Could you output every record below exactly, leaving out the pictures?

TASK MATERIAL:
****
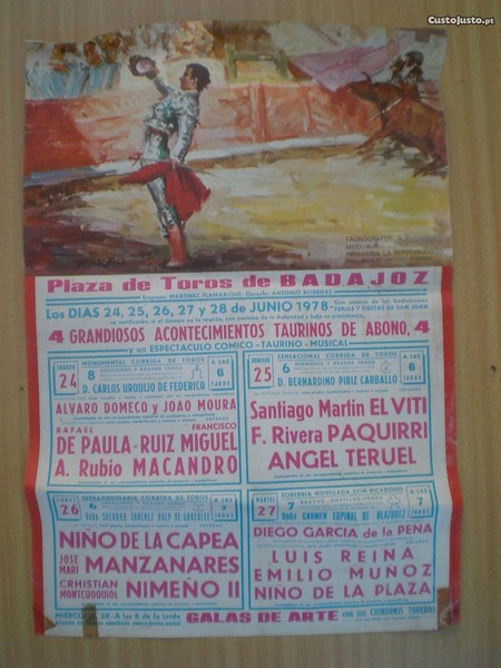 Cartaz grande e antigo de 1978 tourada / touros / corrida de toiros em Badajoz para quem gosta de tauromaquia / toiros.
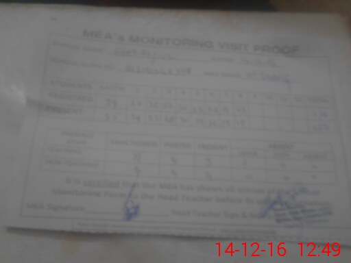 | Attendance Register | Head Teacher | MEA with School | Visit Proof |
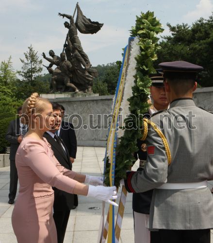 Премьер-министр Украины Юлия Тимошенко во время возложения цветов к Монументу погибшим за Корею в Сеуле (Южная Корея), в четверг, 16 июля 2009 г. Премьер будет пребывать в Республике Корея с официальным визитом до 17 июля 2009 г. Фото Александра Прокопенко / POOL / УНИАН
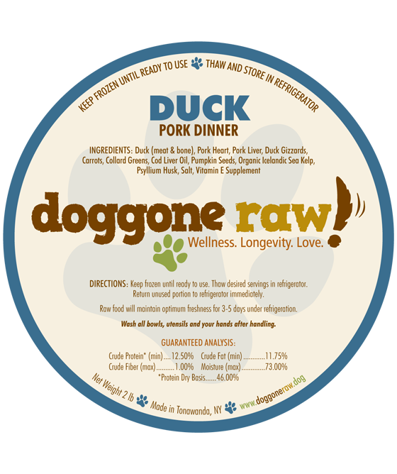 Duck (meat & bone), Pork Liver, Duck Gizzards, Carrots, Collard Greens, Cod Liver Oil, Pumpkin Seeds, Organic Icelandic Sea Kelp, Psyllium Husk, Salt, Vitamin E Supplement.
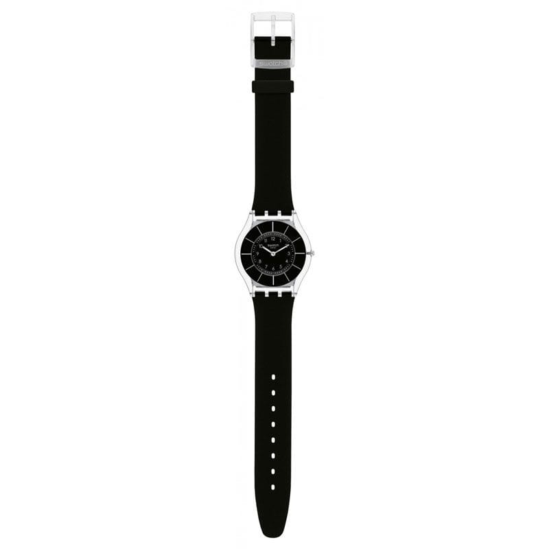 Часы SFK361 Black Classiness от бренда Swatch — это безупречно подобранный аксессуар, который может многое сказать о вкусе человека. Эти швейцарские часы легкие и лаконичные, с толщиной корпуса всего 3,9 мм и кварцевым механизмом, что делает их идеальными для вашего стильного образа! Уникальная технология крепления механизма и рекордно малое количество деталей обеспечивают точность хода на уровне +/- 0,1 секунды в сутки при нормальных температурных и влажностных условиях. Стекло, изготовленное по технологии PMMA, легко поддается полировке. Ширина ремешка составляет 16,5 мм, а длина — от 150 до 200 мм. Силиконовый ремень на классической застежке.
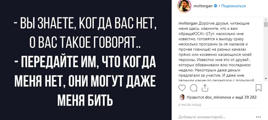 Ну а сегодня ситуацию решил прокомментировать Виторган. На своей страничке актер выложил картинку с надписью: «- Вы знаете, когда вас нет, о вас такое говорят. – Передайте им, что когда меня нет, они могут даже меня бить». А под ней Максим написал: «Дорогие друзья, читающие меня здесь, извините, что к вам обращаЮСА!;-))Тут, насколько мне известно, готовятся к выходу сразу несколько программ (а-ля малахов и прочее г**ще) на разных каналах прямо или косвенно касающихся моей персоны. Известно мне это от друзей, которых обзванивали всю последнюю неделю. Некоторым даже деньги предлагали за участие. И даже мне звонили какие-то редактора с попыткой заманить меня на программы или записать комментарий к портрету. Так вот, что я имею сказать: ходить на подобного рода программы в качестве гостя или героя и заниматься там словоблудием о себе или о ком-то я считаю делом позорным. Я никого не осуждаю: бывает нужда заставит или в телек так хочется, что мочи нет, а разрешение как раз есть. Это выбор каждого. На сегодняшний день я счастлив тем, что вы не можете увидеть в этих программах людей по-настоящему мне близких. Это, простите за пафос, несовместимо с их внутренним нравственным камертоном. Все остальные — это всего лишь бабки у подъезда, запертые в теле селебрити разной степени вялой ( или не вялой — в отдельном случае) медийности. Если у кого-то из вас возникает желание пообсуждать это все в любом контексте и с любыми оценками здесь у меня в инсте — лучше сами удалитесь, чтобы я не тратил времени на бан. Перед остальными — нормальными- людьми хочу ещё раз извиниться, что опять вынужден обратиться к этой теме» (Орфография и пунктуация автора сохранены – прим.ред.).
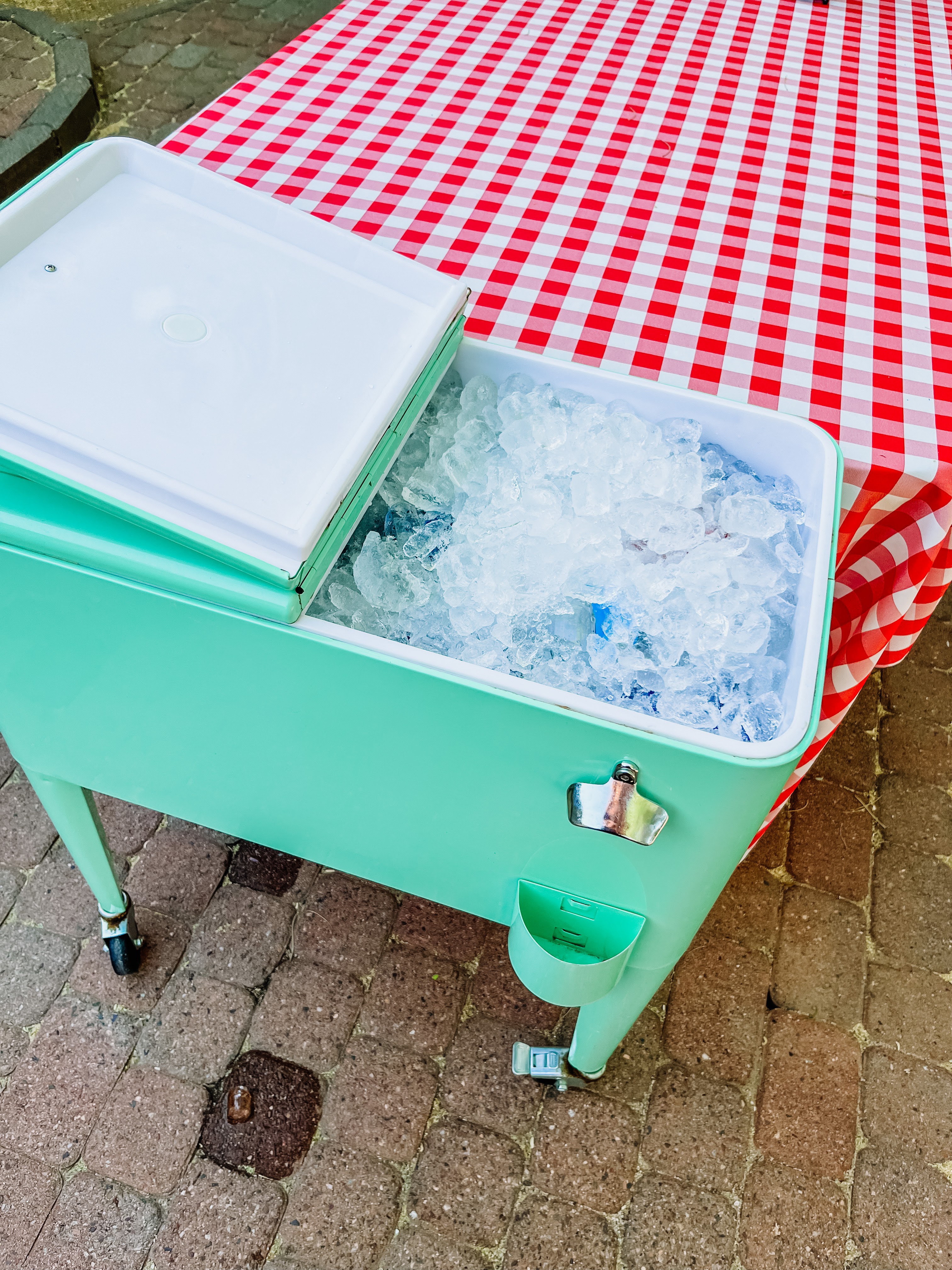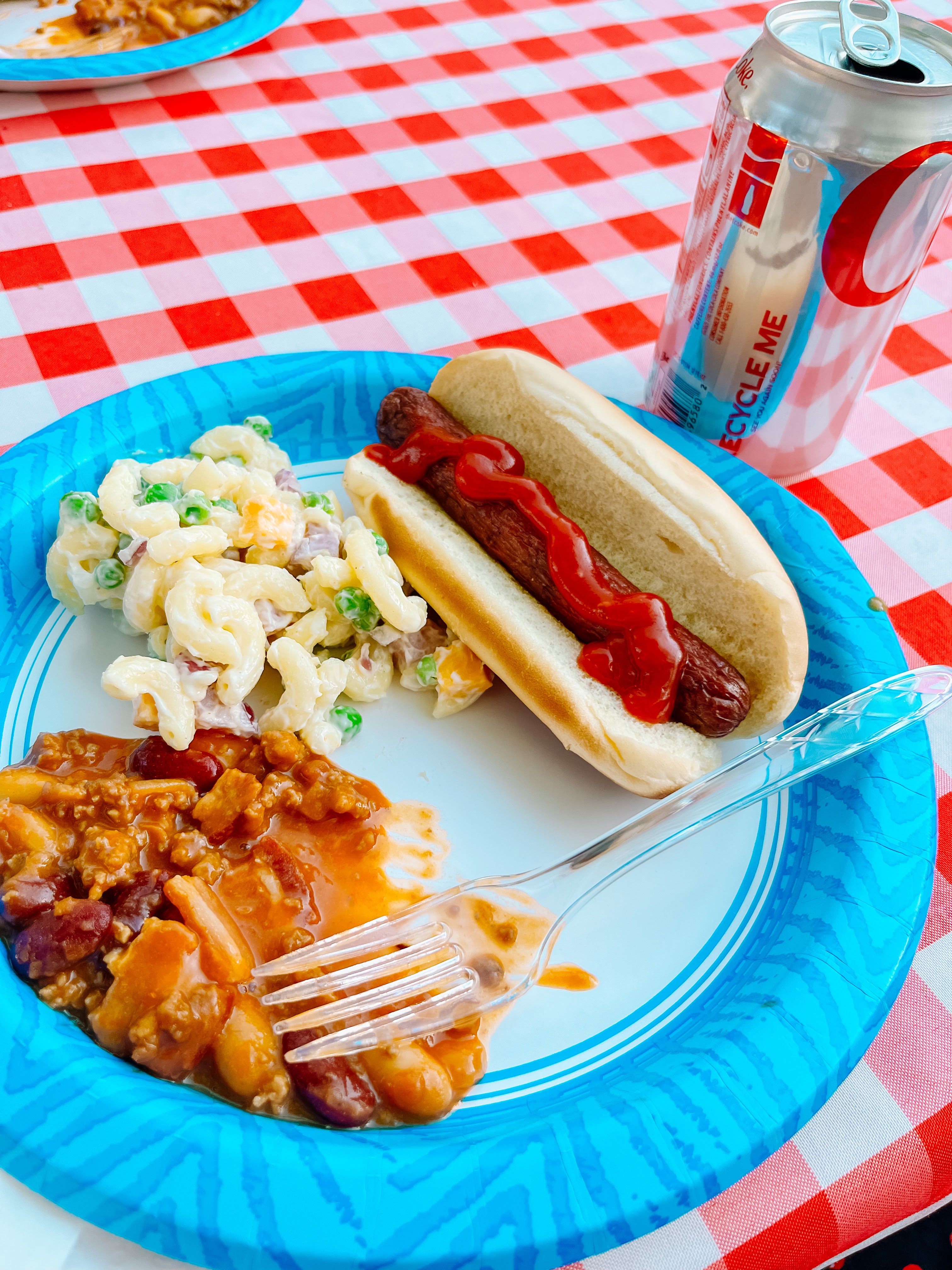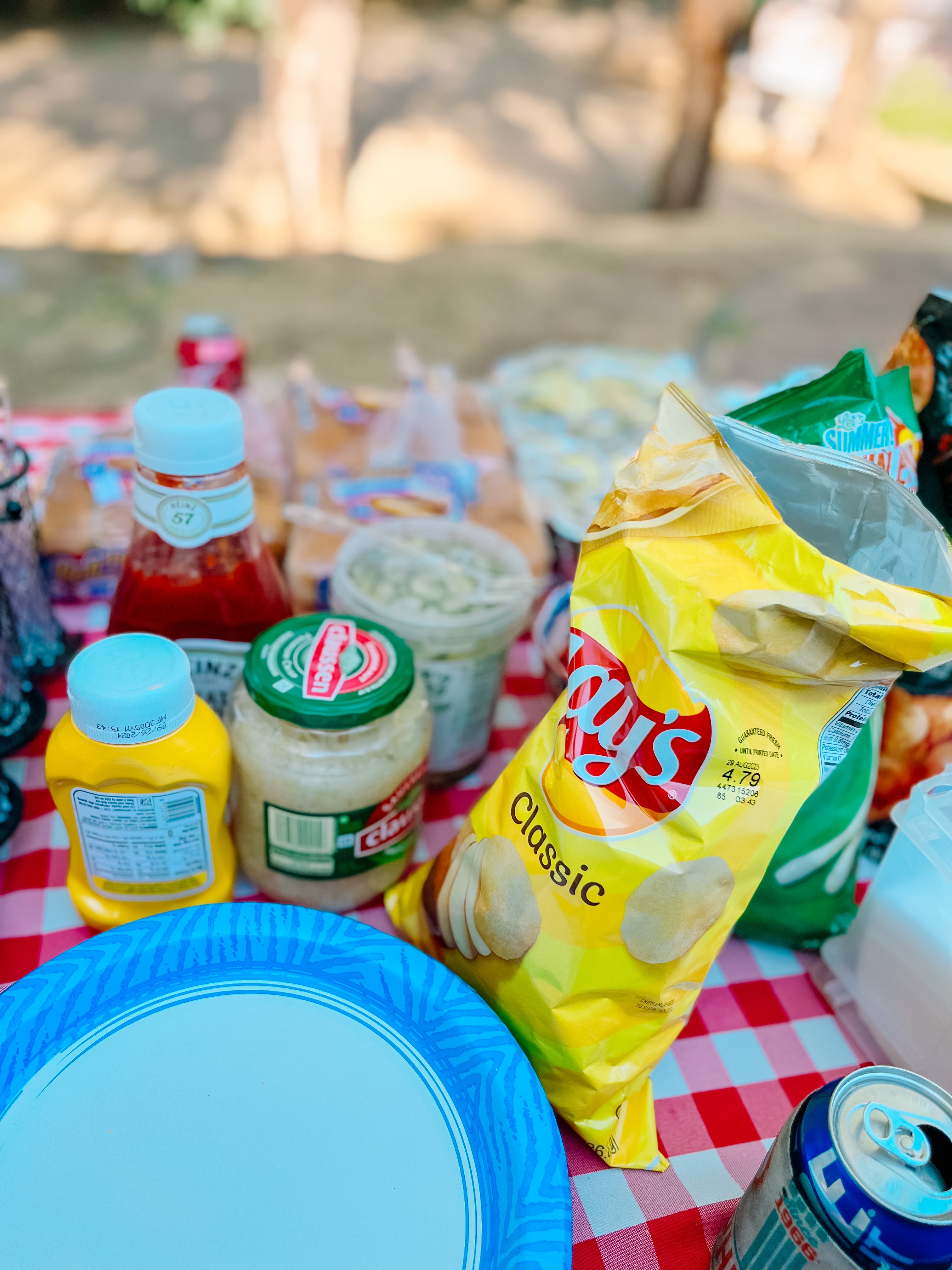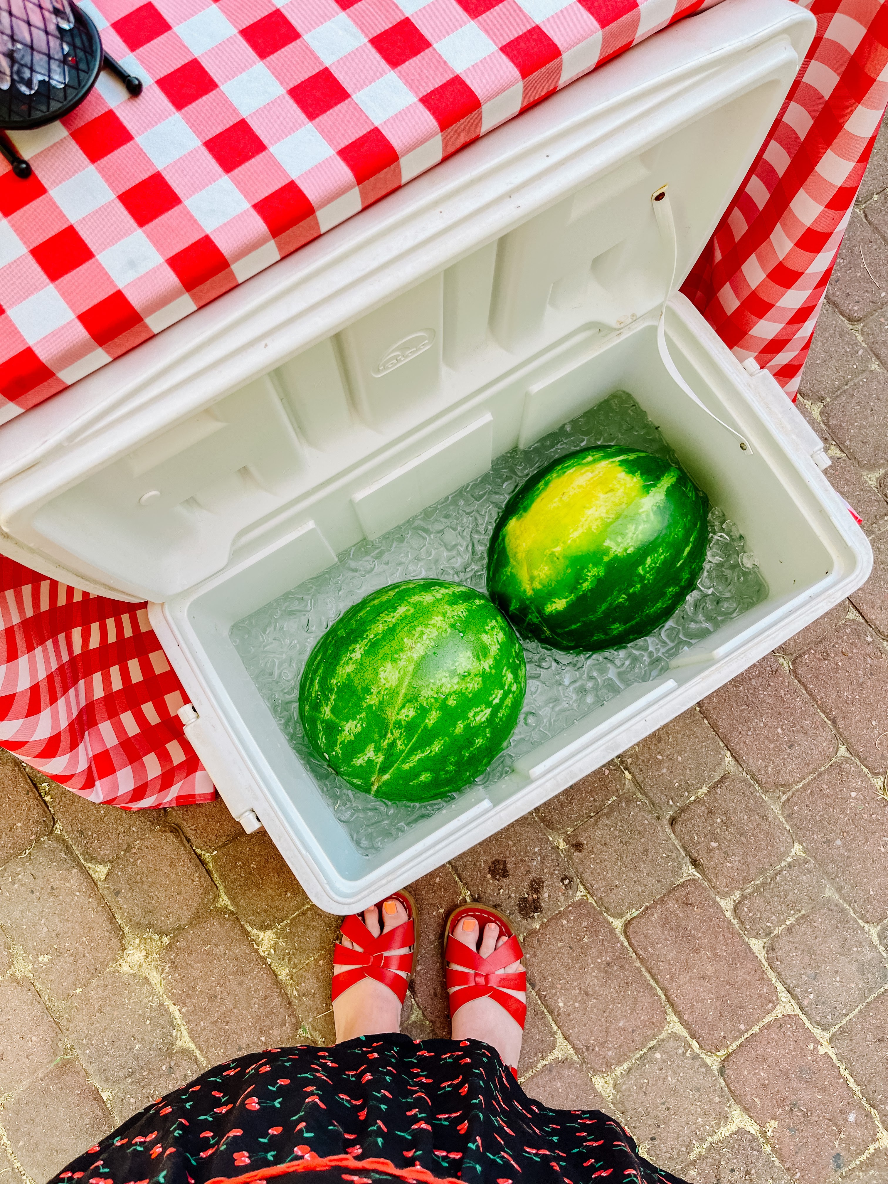 We threw some burgers and hot dogs on David’s Pitt Boss and cut up a big ole’ watermelon and laid out red gingham tablecloths.
****
ANSWER BELOW:
 Cartaz grande e antigo de 1978 tourada / touros / corrida de toiros em Badajoz para quem gosta de tauromaquia / toiros.
 | Attendance Register | Head Teacher | MEA with School | Visit Proof |
 Премьер-министр Украины Юлия Тимошенко во время возложения цветов к Монументу погибшим за Корею в Сеуле (Южная Корея), в четверг, 16 июля 2009 г. Премьер будет пребывать в Республике Корея с официальным визитом до 17 июля 2009 г. Фото Александра Прокопенко / POOL / УНИАН
 Duck (meat & bone), Pork Liver, Duck Gizzards, Carrots, Collard Greens, Cod Liver Oil, Pumpkin Seeds, Organic Icelandic Sea Kelp, Psyllium Husk, Salt, Vitamin E Supplement.
 Часы SFK361 Black Classiness от бренда Swatch — это безупречно подобранный аксессуар, который может многое сказать о вкусе человека. Эти швейцарские часы легкие и лаконичные, с толщиной корпуса всего 3,9 мм и кварцевым механизмом, что делает их идеальными для вашего стильного образа! Уникальная технология крепления механизма и рекордно малое количество деталей обеспечивают точность хода на уровне +/- 0,1 секунды в сутки при нормальных температурных и влажностных условиях. Стекло, изготовленное по технологии PMMA, легко поддается полировке. Ширина ремешка составляет 16,5 мм, а длина — от 150 до 200 мм. Силиконовый ремень на классической застежке.
 Ну а сегодня ситуацию решил прокомментировать Виторган. На своей страничке актер выложил картинку с надписью: «- Вы знаете, когда вас нет, о вас такое говорят. – Передайте им, что когда меня нет, они могут даже меня бить». А под ней Максим написал: «Дорогие друзья, читающие меня здесь, извините, что к вам обращаЮСА!;-))Тут, насколько мне известно, готовятся к выходу сразу несколько программ (а-ля малахов и прочее г**ще) на разных каналах прямо или косвенно касающихся моей персоны. Известно мне это от друзей, которых обзванивали всю последнюю неделю. Некоторым даже деньги предлагали за участие. И даже мне звонили какие-то редактора с попыткой заманить меня на программы или записать комментарий к портрету. Так вот, что я имею сказать: ходить на подобного рода программы в качестве гостя или героя и заниматься там словоблудием о себе или о ком-то я считаю делом позорным. Я никого не осуждаю: бывает нужда заставит или в телек так хочется, что мочи нет, а разрешение как раз есть. Это выбор каждого. На сегодняшний день я счастлив тем, что вы не можете увидеть в этих программах людей по-настоящему мне близких. Это, простите за пафос, несовместимо с их внутренним нравственным камертоном. Все остальные — это всего лишь бабки у подъезда, запертые в теле селебрити разной степени вялой ( или не вялой — в отдельном случае) медийности. Если у кого-то из вас возникает желание пообсуждать это все в любом контексте и с любыми оценками здесь у меня в инсте — лучше сами удалитесь, чтобы я не тратил времени на бан. Перед остальными — нормальными- людьми хочу ещё раз извиниться, что опять вынужден обратиться к этой теме» (Орфография и пунктуация автора сохранены – прим.ред.).
 We threw some burgers and hot dogs on David’s Pitt Boss and cut up a big ole’ watermelon and laid out red gingham tablecloths.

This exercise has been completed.